Data for analysis -
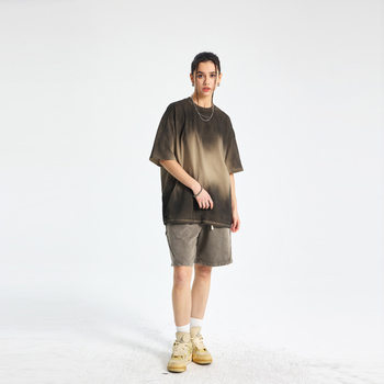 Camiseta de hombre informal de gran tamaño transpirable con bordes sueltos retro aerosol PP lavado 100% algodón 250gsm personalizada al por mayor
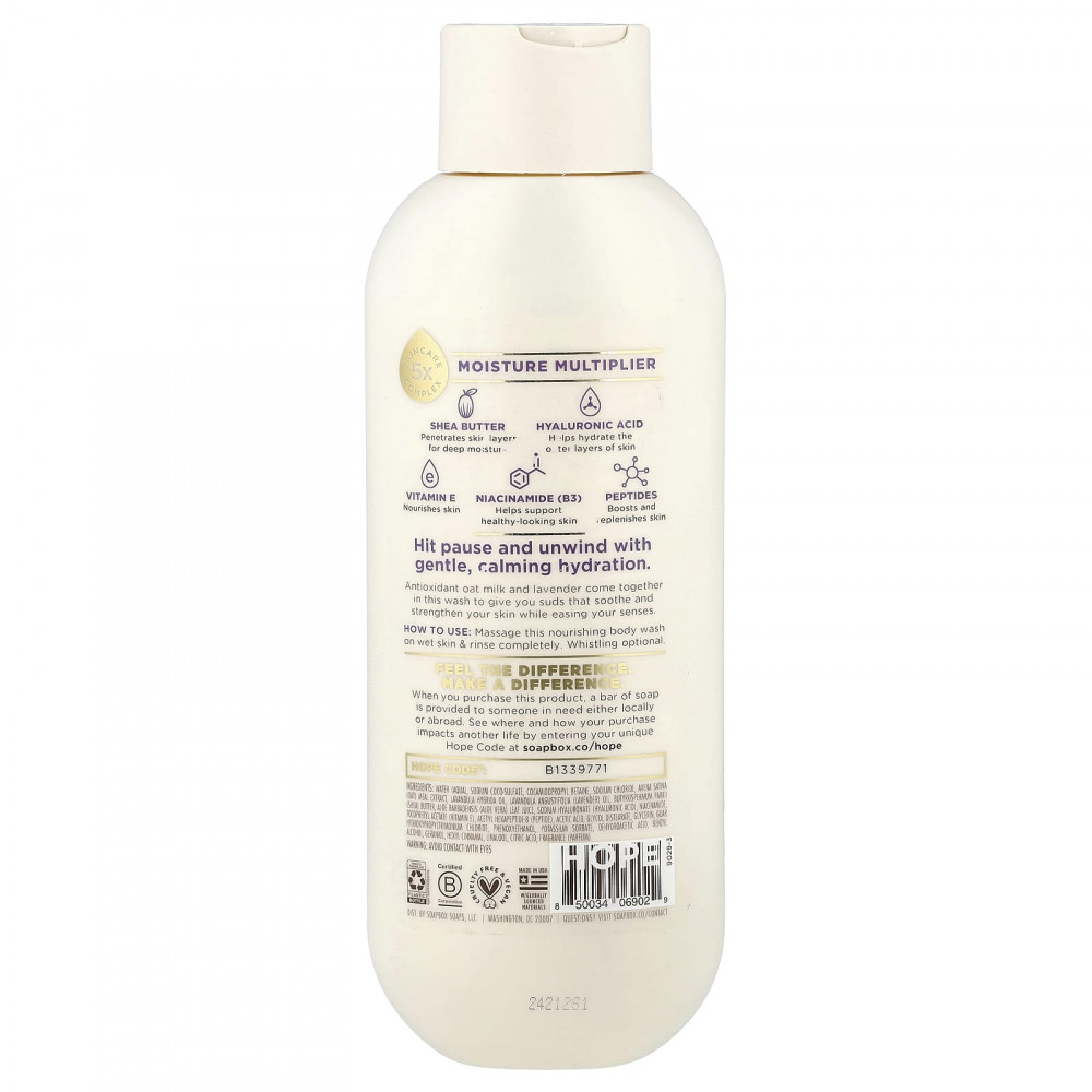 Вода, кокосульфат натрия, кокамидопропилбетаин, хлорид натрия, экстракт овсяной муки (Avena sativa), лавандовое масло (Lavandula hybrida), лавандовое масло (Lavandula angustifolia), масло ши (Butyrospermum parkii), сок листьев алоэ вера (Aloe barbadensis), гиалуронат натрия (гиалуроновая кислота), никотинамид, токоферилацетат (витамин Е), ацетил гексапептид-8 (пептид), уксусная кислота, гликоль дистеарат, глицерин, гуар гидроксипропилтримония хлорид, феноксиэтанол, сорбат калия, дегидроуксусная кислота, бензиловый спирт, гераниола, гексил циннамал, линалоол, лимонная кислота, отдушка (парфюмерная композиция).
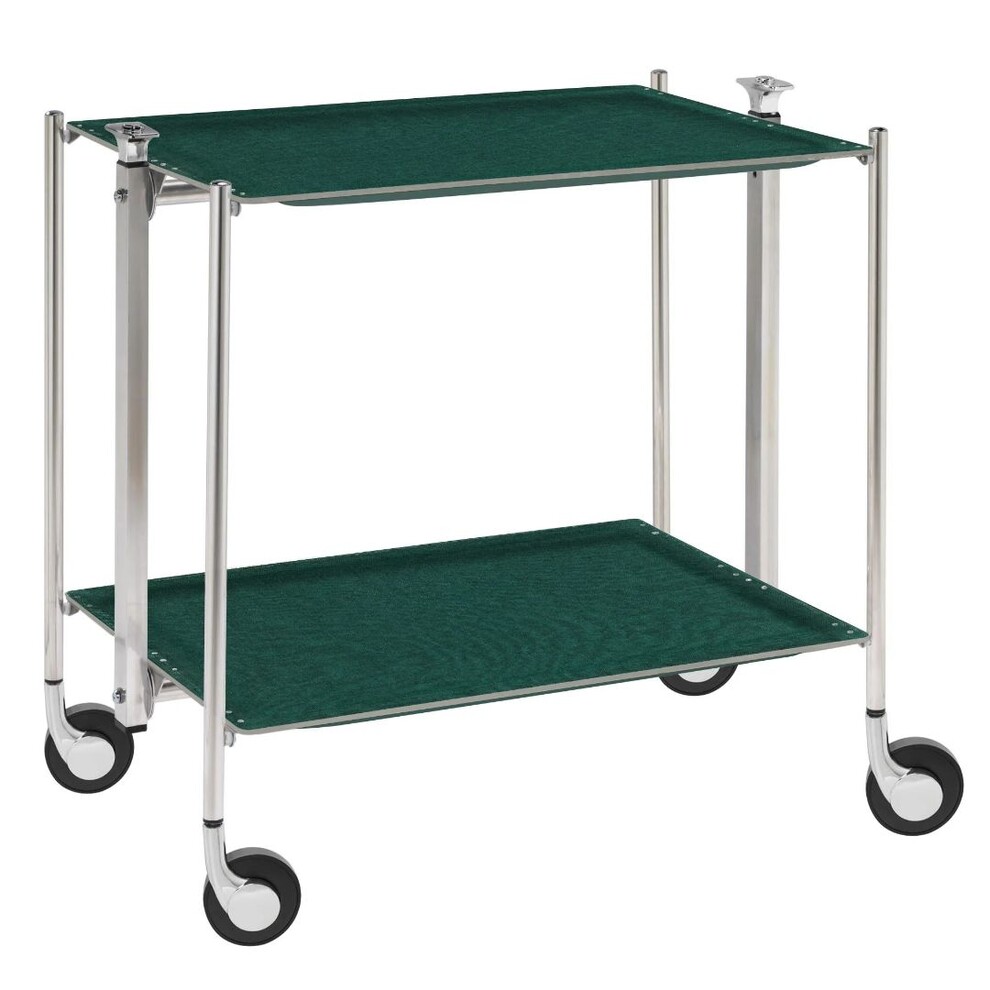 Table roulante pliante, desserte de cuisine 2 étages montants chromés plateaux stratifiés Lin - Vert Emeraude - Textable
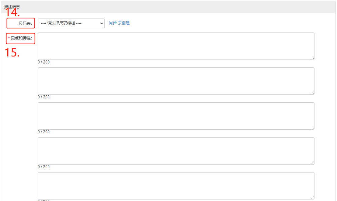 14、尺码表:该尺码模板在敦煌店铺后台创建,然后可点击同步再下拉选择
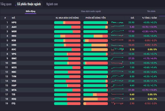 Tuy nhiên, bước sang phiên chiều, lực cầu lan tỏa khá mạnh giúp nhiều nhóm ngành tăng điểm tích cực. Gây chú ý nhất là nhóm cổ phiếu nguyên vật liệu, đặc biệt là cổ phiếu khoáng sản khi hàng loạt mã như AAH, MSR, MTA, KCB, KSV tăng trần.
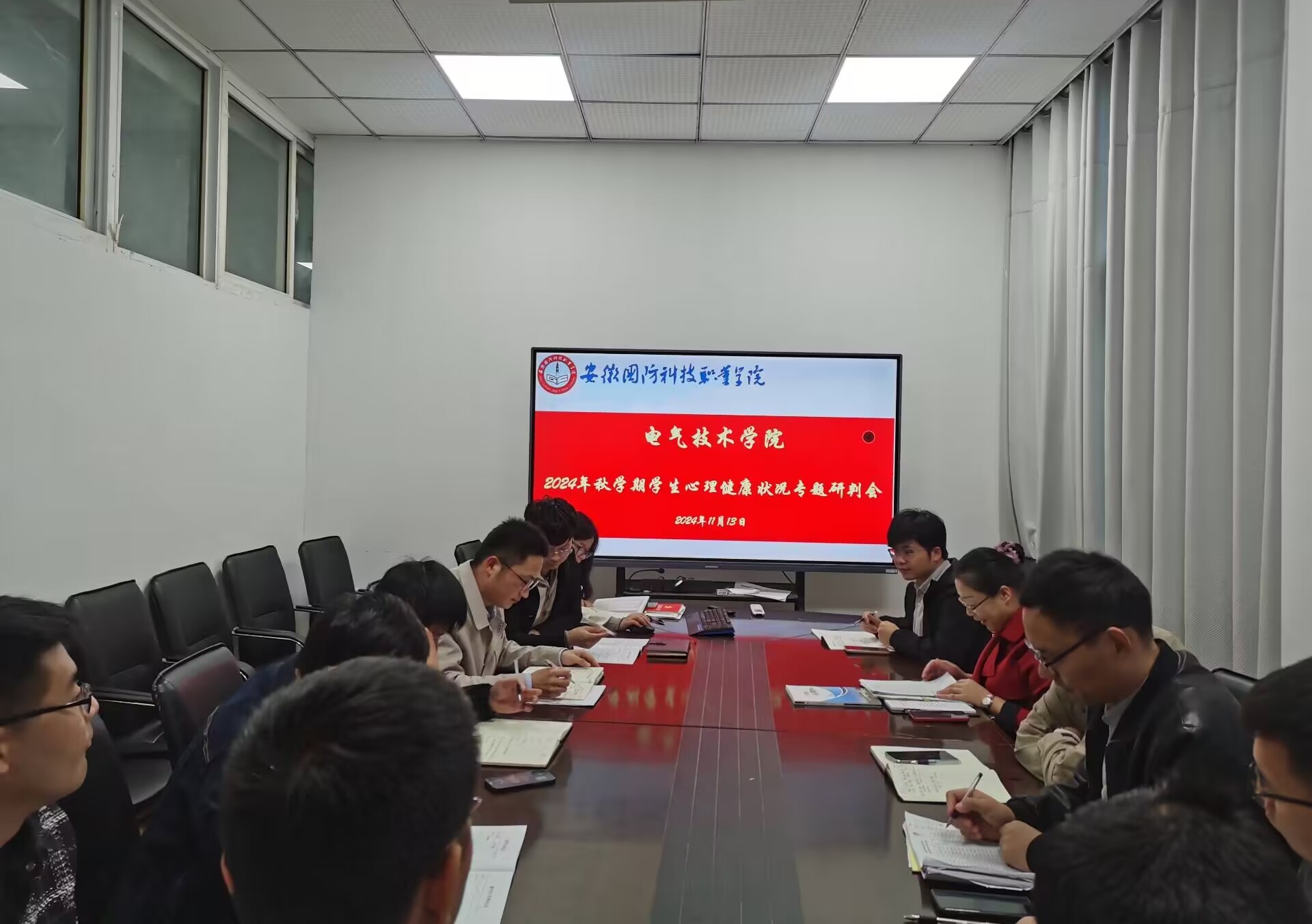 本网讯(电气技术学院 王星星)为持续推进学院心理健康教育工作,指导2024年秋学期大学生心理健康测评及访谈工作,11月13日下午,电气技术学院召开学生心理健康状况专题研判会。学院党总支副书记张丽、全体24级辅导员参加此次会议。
---
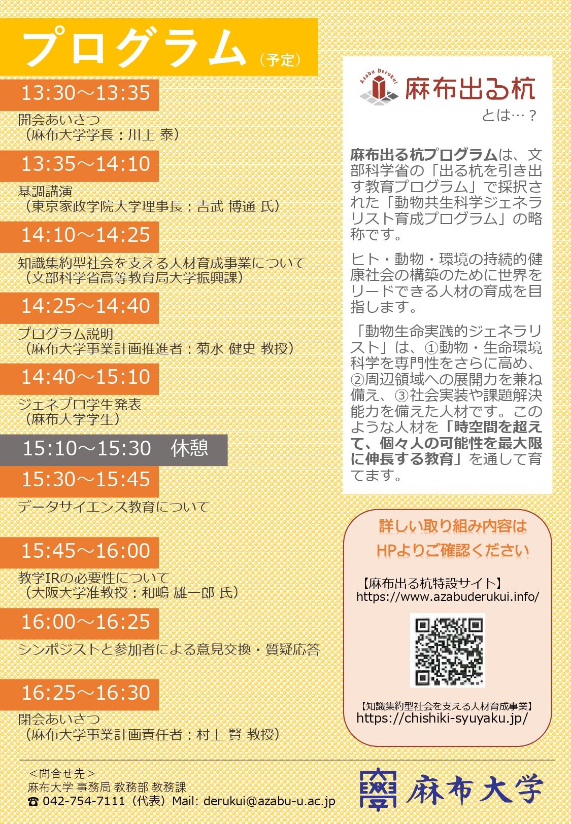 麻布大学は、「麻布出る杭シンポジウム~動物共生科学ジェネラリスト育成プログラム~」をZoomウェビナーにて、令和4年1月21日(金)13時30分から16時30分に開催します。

Exercise prompt - A clean copy is needed of the lines in the listing above from the one with "Camiseta de hombre" through the one with "14、尺码表:该尺码模板在敦煌店铺后台创建,然后可点击同步再下拉选择", exact in every word and free of pictures.

Response below -
 Camiseta de hombre informal de gran tamaño transpirable con bordes sueltos retro aerosol PP lavado 100% algodón 250gsm personalizada al por mayor
 Вода, кокосульфат натрия, кокамидопропилбетаин, хлорид натрия, экстракт овсяной муки (Avena sativa), лавандовое масло (Lavandula hybrida), лавандовое масло (Lavandula angustifolia), масло ши (Butyrospermum parkii), сок листьев алоэ вера (Aloe barbadensis), гиалуронат натрия (гиалуроновая кислота), никотинамид, токоферилацетат (витамин Е), ацетил гексапептид-8 (пептид), уксусная кислота, гликоль дистеарат, глицерин, гуар гидроксипропилтримония хлорид, феноксиэтанол, сорбат калия, дегидроуксусная кислота, бензиловый спирт, гераниола, гексил циннамал, линалоол, лимонная кислота, отдушка (парфюмерная композиция).
 Table roulante pliante, desserte de cuisine 2 étages montants chromés plateaux stratifiés Lin - Vert Emeraude - Textable
 14、尺码表:该尺码模板在敦煌店铺后台创建,然后可点击同步再下拉选择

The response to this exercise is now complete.